Start of Block

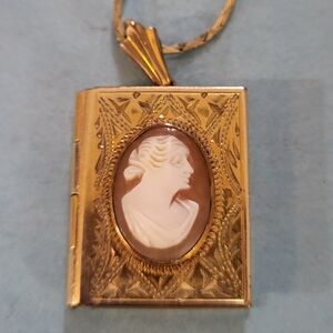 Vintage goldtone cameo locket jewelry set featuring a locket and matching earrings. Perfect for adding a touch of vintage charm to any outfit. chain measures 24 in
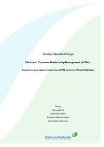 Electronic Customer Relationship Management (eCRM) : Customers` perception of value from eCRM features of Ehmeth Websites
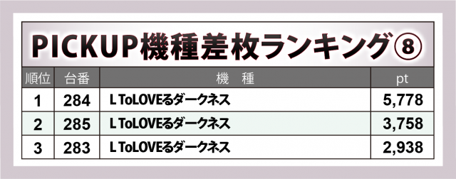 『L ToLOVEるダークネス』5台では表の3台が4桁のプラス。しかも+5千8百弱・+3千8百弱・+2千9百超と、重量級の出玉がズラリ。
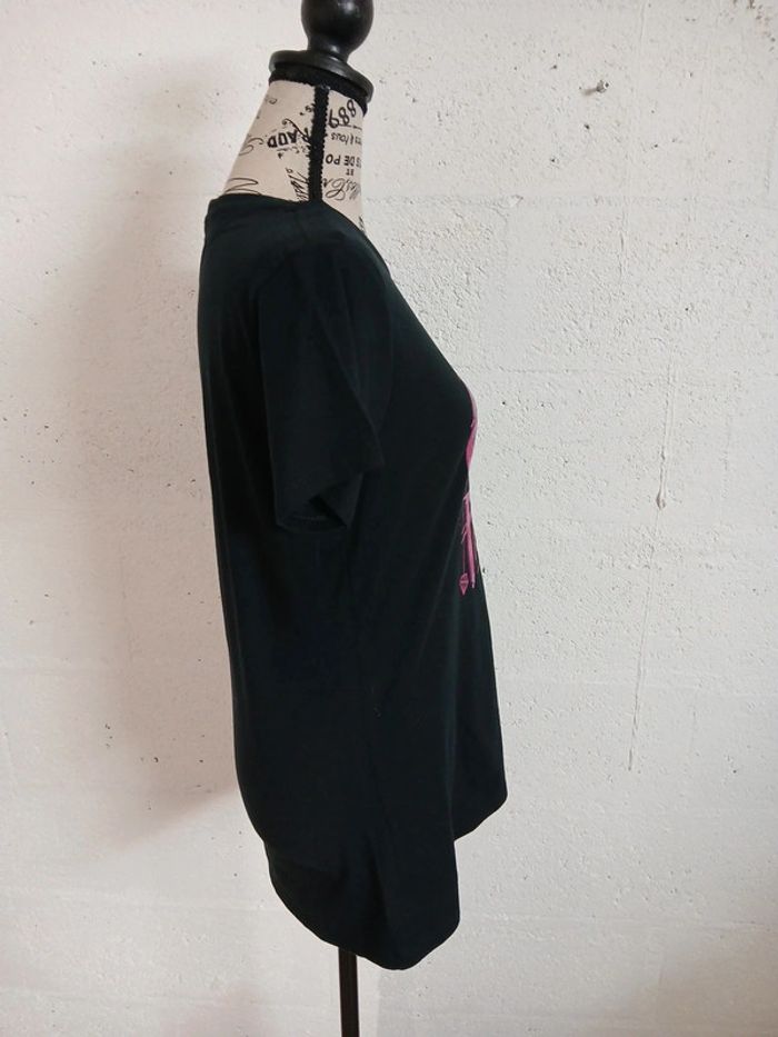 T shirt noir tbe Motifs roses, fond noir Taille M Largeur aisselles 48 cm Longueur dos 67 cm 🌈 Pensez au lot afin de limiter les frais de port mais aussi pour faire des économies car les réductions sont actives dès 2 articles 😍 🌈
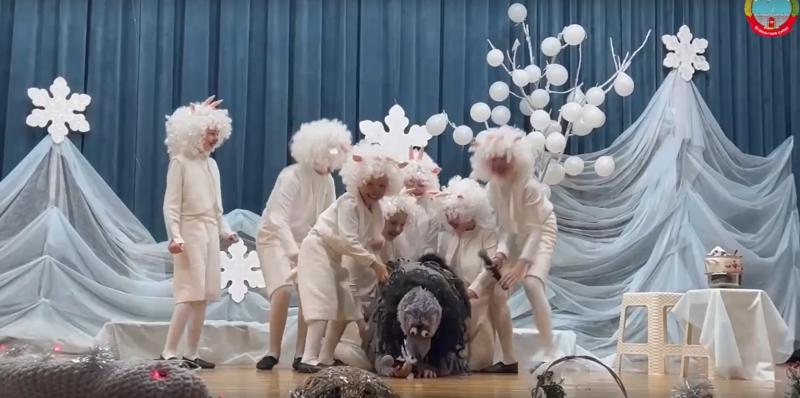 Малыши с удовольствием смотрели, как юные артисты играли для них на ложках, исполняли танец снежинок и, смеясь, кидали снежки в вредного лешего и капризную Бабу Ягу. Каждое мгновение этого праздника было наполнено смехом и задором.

End of Block

◆ **REQUIRED WORK**:
Write out the data in full and exactly as given, though without the images.

◆ **YOUR SOLUTION**:
 Vintage goldtone cameo locket jewelry set featuring a locket and matching earrings. Perfect for adding a touch of vintage charm to any outfit. chain measures 24 in
 Electronic Customer Relationship Management (eCRM) : Customers` perception of value from eCRM features of Ehmeth Websites
 『L ToLOVEるダークネス』5台では表の3台が4桁のプラス。しかも+5千8百弱・+3千8百弱・+2千9百超と、重量級の出玉がズラリ。
 T shirt noir tbe Motifs roses, fond noir Taille M Largeur aisselles 48 cm Longueur dos 67 cm 🌈 Pensez au lot afin de limiter les frais de port mais aussi pour faire des économies car les réductions sont actives dès 2 articles 😍 🌈
 Малыши с удовольствием смотрели, как юные артисты играли для них на ложках, исполняли танец снежинок и, смеясь, кидали снежки в вредного лешего и капризную Бабу Ягу. Каждое мгновение этого праздника было наполнено смехом и задором.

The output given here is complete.